What is required: Copy out the lines of the records below, and only those lines, from the one with "Maps of the" through the one with "Fijn halssnoer met", exactly as they appear.
+++ Data records
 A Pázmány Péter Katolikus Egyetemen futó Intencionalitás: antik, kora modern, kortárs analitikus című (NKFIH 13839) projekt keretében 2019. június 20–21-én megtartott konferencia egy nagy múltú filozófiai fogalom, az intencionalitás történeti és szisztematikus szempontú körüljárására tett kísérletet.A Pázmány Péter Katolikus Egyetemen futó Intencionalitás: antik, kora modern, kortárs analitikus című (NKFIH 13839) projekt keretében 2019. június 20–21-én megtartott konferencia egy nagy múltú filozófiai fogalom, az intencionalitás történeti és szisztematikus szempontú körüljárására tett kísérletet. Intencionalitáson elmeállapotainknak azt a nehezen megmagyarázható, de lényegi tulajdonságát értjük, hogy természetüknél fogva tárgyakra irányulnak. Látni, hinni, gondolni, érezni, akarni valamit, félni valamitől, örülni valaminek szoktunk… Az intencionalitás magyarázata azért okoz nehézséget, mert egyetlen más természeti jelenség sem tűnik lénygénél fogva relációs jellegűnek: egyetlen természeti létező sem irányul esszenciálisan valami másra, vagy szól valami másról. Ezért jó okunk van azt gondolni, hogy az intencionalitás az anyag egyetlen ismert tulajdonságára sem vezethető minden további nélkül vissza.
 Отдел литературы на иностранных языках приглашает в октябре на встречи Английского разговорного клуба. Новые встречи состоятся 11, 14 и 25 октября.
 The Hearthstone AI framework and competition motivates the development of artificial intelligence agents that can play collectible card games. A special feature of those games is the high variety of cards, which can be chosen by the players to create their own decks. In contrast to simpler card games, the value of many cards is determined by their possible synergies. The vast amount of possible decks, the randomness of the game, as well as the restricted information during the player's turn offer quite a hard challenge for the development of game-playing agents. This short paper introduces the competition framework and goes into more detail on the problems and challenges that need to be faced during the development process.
++++++
+++ Data records
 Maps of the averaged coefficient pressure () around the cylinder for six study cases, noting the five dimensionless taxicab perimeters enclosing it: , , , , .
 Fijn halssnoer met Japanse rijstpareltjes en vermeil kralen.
++++++
Response to the exercise:
 Maps of the averaged coefficient pressure () around the cylinder for six study cases, noting the five dimensionless taxicab perimeters enclosing it: , , , , .
 Fijn halssnoer met Japanse rijstpareltjes en vermeil kralen.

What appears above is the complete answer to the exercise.